The following week a friend and I asked Fana if she wanted to go to the store with us and pick out a pair of shoes. She seemed excited to go with us. It was fall and with winter on its way I tried to steer her towards some sensible options. She didn’t like what I picked out. She kept returning again and again to a pair of flashy and impractical wedge slip-on sandals.
Against my better judgement we got the sandals. Fana seemed happy.
The next time I saw her she wasn’t wearing the sandals. She was wearing her old tattered shoes. Didn’t she like them? Had she lost them? Had she sold them? I didn’t ask her about them because I wasn’t sure I wanted to know the answer.
C.S. Lewis wrote, “I do not believe one can settle how much we ought to give. I am afraid the only safe rule is to give more than we can spare.”
I saw someone who needed shoes and I gave her shoes. I saw a need and honed in on a practical solution. That’s a good thing, right? But giving Fana a pair of shoes was well within the realm of what I could spare. It didn’t stretch me or challenge me. It didn’t necessitate time or attention—things that are much harder for me to part with.
I have written a quote on a chalkboard in my house by French philosopher Simone Weil. It reads, “Attention is the rarest and purest form of generosity.” My giving was more of a knee-jerk-reaction to a need than an act of generosity.

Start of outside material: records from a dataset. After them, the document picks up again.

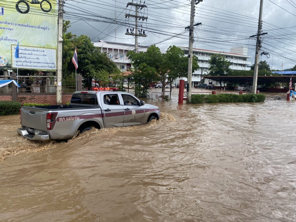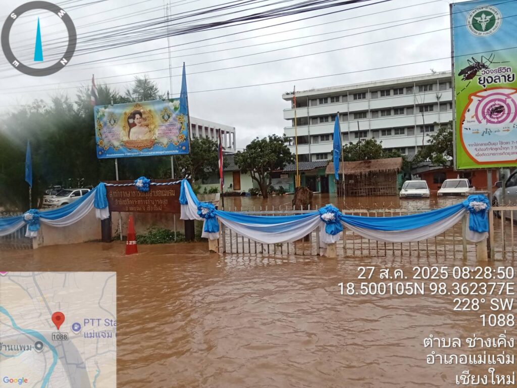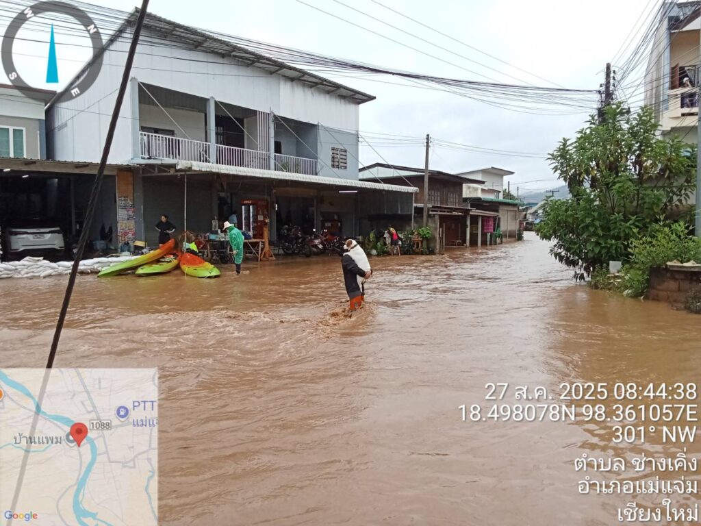 วันพุธ ที่ 27 ส.ค. 68 นายเกื้อกูล มานะสัมพันธ์สกุล ผู้อำนวยการโครงการชลประทานเชียงใหม่ ได้รับรายงานจาก นางสาวชลมาศ ทองคำ หัวหน้าฝ่ายส่งน้ำและบำรุงรักษาที่ 6 โครงการชลประทานเชียงใหม่ จากสถานการณ์ของพายุคาจิกิ ที่ทำให้ฝนตกลงมาอย่างต่อเนื่อง ทำให้มีปริมาณน้ำเอ่อล้นและน้ำท่วมขังในพื้นที่ ตั้งแต่หน้าที่ว่าการอำเภอแม่แจ่ม และจุดอื่นๆ หลายจุด
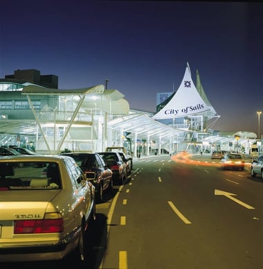 Architects designing a new airport in Auckland, New Zealand, used Shelter-Rite® architectural fabric to create an impressive and functional entryway, illustrating Auckland's "City of Sails" theme.
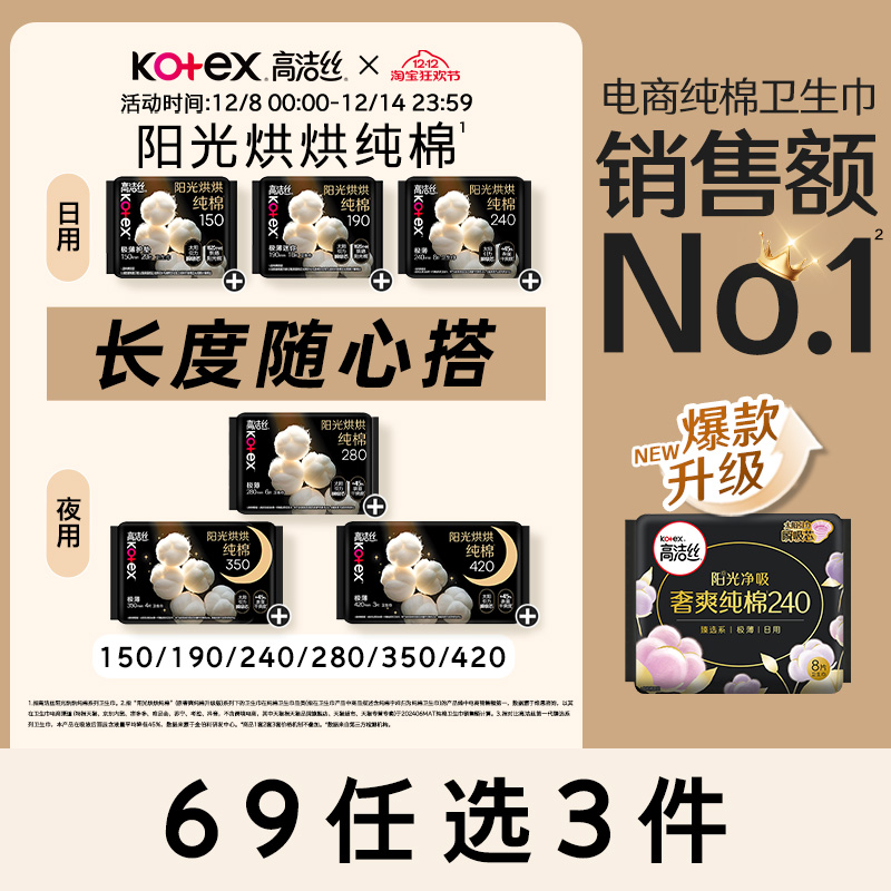 【赠品七选一】高洁丝海岛棉日夜用卫生巾组合姨妈巾官旗防漏透气
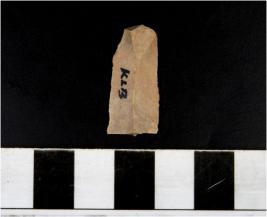 | Description / विवरण | A chert blade with single ridge on dorsal side, triangular cross section, bulb on ventral side and sharp cutting edges. |

Over the course of many months of driving her to and from church and talking with her on the phone I did have more time with Fana. I learned of her sadness in losing her children. I heard her story of how she traded one world of suffering for another. I saw her frustration with her inability to understand the language and the place she now found herself in. I saw that in her tattered old purse that carried bits of plastic bags, random found objects, and what seemed like trash, she also carried the beautifully intricate beaded jewelry she made.
St. Paul wrote in 1 Corinthians 13:3 that “though I bestow all my goods to feed the poor … but have not love, it profits me nothing.”
Fana needed so much—a home, a job, her family restored, her mind restored, and even some new shoes. But what I failed to understand till much later was that what she enjoyed about going to the store to pick out those shoes was the attentiveness that was offered to her then.
Giving that is separated from love is empty. And generosity without attention is common and limited.
Fana is not unlike others I have met through Reconciliation Services. Trauma, displacement, abuse, poverty, mental illness, sickness, and addiction rob people of their dignity and so much more. By honoring and deeply respecting people, Reconciliation Services labors to cultivate true veneration for the people it serves. It is a generosity that is born out of attentiveness and it goes far beyond a quick fix for an immediate need.
Fana has moved to another state. We have talked on the phone a few times since she moved. I never did see her wear those silly sandals. But in the end it wasn’t about me giving her the shoes I thought she needed—the quick fix. In the end, I needed to see that the most generous gift I could offer her was attention.